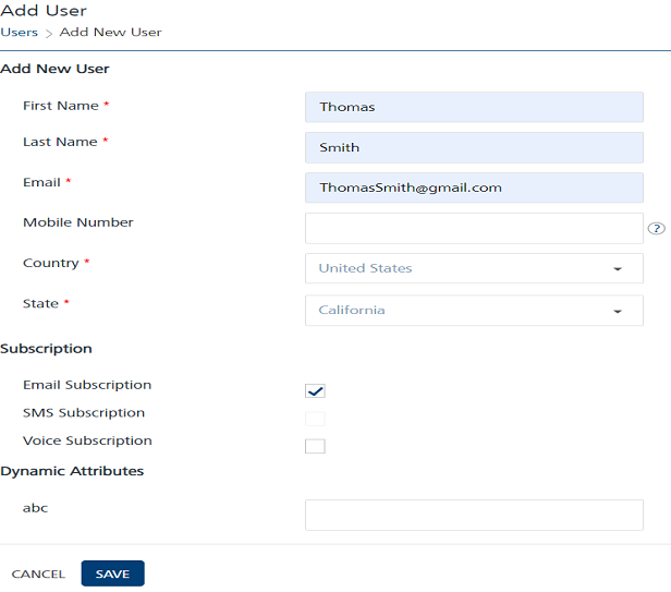 Based on your requirement, you can create dynamic user attribute types and specify them as optional or mandatory. For example, you create a new user, Thomas Smith, and enter all the necessary details to create a new user on the Add User page.
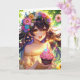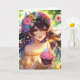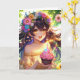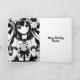 Anime girl with long brown hair, flowers in her hair, a pink and chocolate cupcake personalised birthday card. Inside card is a colouring page.
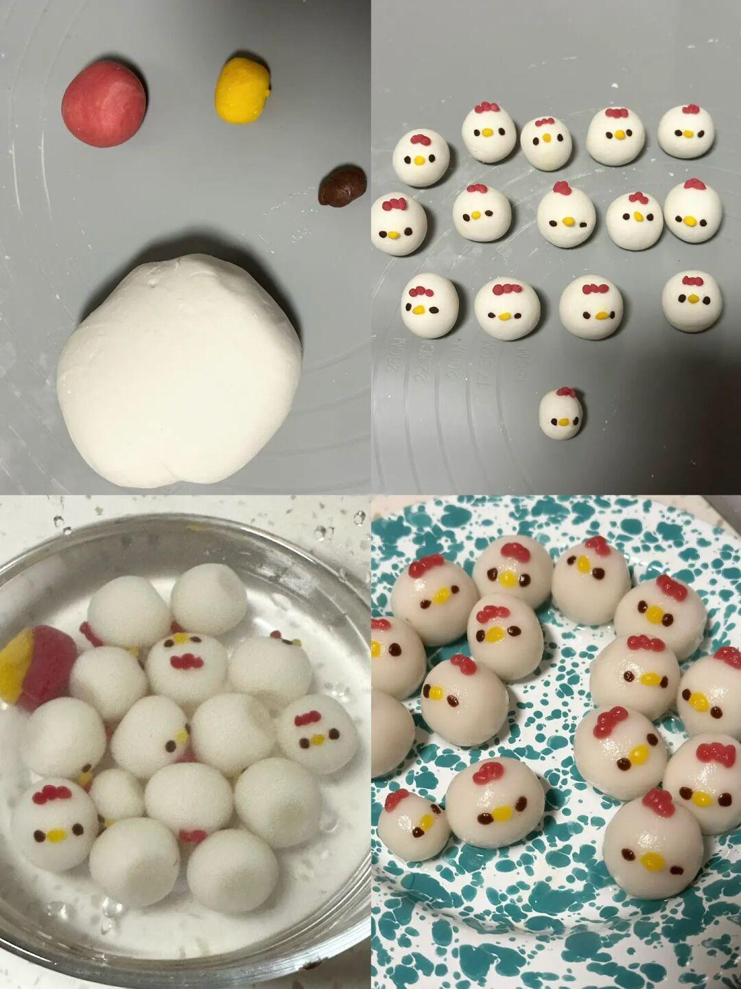 1.年糕配料混合均匀,分份调色后捏成小鸡,蒸10分钟过凉水备用

WHAT IS BEING ASKED: Could you restate the material word for word, skipping any pictures it holds?

ANSWER SPACE:
 Based on your requirement, you can create dynamic user attribute types and specify them as optional or mandatory. For example, you create a new user, Thomas Smith, and enter all the necessary details to create a new user on the Add User page.
 Anime girl with long brown hair, flowers in her hair, a pink and chocolate cupcake personalised birthday card. Inside card is a colouring page.
 1.年糕配料混合均匀,分份调色后捏成小鸡,蒸10分钟过凉水备用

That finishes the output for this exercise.